> _Required work_
Spot each line in the data below containing "logo" and copy it.

> _Provided material_
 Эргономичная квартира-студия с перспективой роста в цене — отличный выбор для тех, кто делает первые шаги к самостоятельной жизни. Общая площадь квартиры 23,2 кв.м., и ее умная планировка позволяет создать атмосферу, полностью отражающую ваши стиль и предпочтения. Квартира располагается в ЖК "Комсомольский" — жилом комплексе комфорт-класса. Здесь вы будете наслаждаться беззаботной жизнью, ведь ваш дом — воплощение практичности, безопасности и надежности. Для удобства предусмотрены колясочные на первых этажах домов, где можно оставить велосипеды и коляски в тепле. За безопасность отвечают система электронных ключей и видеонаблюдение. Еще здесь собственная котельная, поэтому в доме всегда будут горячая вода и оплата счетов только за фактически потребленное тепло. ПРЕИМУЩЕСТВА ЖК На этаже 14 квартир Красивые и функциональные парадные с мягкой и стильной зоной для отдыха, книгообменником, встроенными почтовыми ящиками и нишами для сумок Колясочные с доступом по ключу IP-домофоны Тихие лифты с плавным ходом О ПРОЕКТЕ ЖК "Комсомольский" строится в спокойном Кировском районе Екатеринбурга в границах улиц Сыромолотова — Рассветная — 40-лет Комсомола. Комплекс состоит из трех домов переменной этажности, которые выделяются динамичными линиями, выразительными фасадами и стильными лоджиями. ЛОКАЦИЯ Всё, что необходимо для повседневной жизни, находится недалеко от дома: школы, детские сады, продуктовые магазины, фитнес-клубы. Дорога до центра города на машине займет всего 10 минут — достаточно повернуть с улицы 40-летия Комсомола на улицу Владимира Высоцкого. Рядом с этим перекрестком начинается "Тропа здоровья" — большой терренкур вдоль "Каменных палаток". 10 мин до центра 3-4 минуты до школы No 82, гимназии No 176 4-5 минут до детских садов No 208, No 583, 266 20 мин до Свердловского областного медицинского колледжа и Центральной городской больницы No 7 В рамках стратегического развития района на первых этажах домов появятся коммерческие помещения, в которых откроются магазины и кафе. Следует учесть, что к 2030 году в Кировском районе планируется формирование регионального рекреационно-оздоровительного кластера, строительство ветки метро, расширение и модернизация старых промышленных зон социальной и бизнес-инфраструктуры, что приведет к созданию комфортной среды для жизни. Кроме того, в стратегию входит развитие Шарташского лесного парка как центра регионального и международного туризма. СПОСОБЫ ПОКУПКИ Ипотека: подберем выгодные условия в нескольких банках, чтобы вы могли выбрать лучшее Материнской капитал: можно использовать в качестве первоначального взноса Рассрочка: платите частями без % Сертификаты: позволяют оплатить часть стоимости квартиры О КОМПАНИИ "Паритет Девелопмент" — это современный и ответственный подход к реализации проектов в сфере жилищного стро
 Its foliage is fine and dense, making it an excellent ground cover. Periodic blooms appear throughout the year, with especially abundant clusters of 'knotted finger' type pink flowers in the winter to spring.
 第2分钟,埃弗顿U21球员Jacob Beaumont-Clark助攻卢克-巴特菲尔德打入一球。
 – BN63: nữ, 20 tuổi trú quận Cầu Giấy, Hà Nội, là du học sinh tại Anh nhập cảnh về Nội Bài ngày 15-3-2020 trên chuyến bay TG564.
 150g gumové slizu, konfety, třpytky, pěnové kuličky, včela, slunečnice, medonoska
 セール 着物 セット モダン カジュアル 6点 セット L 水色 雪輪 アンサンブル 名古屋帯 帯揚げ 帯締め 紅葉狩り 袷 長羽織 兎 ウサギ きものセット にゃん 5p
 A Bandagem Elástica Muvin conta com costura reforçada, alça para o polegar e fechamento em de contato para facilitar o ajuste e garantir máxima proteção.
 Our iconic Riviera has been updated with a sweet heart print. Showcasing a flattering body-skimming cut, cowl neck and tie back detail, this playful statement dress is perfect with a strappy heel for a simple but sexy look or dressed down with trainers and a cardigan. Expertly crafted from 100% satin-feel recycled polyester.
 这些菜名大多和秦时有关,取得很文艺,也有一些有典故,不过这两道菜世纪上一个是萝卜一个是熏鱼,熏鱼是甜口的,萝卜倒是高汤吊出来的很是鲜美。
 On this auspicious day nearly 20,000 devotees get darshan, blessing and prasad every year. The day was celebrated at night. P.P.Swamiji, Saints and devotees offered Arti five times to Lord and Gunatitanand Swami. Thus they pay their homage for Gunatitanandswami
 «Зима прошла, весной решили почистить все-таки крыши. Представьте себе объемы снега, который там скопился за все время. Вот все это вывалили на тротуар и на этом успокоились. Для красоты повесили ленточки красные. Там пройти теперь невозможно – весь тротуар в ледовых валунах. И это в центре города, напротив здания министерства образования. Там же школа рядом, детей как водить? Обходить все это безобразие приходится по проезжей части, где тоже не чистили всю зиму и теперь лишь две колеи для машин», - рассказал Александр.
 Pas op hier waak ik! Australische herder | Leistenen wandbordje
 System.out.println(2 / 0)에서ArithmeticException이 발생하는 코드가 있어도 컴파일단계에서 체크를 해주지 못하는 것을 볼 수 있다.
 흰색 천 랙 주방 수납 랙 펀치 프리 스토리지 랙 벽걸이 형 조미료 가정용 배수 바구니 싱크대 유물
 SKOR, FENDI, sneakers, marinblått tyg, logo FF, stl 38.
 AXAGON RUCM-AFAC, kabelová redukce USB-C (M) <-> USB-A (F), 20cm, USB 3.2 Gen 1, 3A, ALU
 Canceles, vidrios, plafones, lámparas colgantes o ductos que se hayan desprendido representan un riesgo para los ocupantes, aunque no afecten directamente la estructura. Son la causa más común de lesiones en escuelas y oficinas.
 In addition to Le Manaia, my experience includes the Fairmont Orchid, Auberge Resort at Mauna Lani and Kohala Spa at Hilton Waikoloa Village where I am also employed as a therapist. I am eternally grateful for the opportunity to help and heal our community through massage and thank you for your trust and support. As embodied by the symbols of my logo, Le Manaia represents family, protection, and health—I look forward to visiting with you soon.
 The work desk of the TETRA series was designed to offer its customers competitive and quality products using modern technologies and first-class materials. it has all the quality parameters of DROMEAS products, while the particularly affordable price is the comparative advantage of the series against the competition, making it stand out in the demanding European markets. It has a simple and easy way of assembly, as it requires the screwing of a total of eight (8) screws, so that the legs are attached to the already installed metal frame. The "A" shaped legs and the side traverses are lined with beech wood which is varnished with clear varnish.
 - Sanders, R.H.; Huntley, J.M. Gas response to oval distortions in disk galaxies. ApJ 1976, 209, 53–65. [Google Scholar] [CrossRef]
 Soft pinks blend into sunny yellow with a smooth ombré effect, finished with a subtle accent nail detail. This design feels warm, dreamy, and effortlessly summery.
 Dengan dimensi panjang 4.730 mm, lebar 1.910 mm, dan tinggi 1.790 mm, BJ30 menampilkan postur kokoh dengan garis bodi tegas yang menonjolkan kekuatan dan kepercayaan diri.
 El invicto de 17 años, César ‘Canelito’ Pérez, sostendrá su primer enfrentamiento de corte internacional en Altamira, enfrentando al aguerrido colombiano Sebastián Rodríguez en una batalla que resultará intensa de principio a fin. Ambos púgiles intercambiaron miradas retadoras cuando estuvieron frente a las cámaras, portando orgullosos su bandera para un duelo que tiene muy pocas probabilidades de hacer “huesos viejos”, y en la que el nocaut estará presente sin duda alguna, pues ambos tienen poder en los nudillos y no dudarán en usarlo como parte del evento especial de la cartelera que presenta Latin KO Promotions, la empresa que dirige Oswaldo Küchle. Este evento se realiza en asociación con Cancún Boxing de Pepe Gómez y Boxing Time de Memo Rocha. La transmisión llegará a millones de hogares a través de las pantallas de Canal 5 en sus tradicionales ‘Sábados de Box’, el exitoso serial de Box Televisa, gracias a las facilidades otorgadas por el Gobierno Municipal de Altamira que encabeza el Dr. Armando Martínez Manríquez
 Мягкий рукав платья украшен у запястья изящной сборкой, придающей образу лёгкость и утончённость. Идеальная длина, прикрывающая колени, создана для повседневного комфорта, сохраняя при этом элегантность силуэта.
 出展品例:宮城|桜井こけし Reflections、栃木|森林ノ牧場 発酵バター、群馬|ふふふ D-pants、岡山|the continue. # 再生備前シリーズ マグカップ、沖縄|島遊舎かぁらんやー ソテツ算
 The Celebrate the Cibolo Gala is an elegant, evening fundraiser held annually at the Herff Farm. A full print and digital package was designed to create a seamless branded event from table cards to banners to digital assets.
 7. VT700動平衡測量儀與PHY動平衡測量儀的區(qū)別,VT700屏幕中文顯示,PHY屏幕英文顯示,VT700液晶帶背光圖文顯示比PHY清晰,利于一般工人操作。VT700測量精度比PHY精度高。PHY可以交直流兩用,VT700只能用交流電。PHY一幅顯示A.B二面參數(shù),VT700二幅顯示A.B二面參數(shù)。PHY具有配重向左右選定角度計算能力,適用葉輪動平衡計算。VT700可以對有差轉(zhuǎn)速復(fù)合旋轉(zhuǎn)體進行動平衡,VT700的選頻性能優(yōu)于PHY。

> _Solution below_
 SKOR, FENDI, sneakers, marinblått tyg, logo FF, stl 38.
 In addition to Le Manaia, my experience includes the Fairmont Orchid, Auberge Resort at Mauna Lani and Kohala Spa at Hilton Waikoloa Village where I am also employed as a therapist. I am eternally grateful for the opportunity to help and heal our community through massage and thank you for your trust and support. As embodied by the symbols of my logo, Le Manaia represents family, protection, and health—I look forward to visiting with you soon.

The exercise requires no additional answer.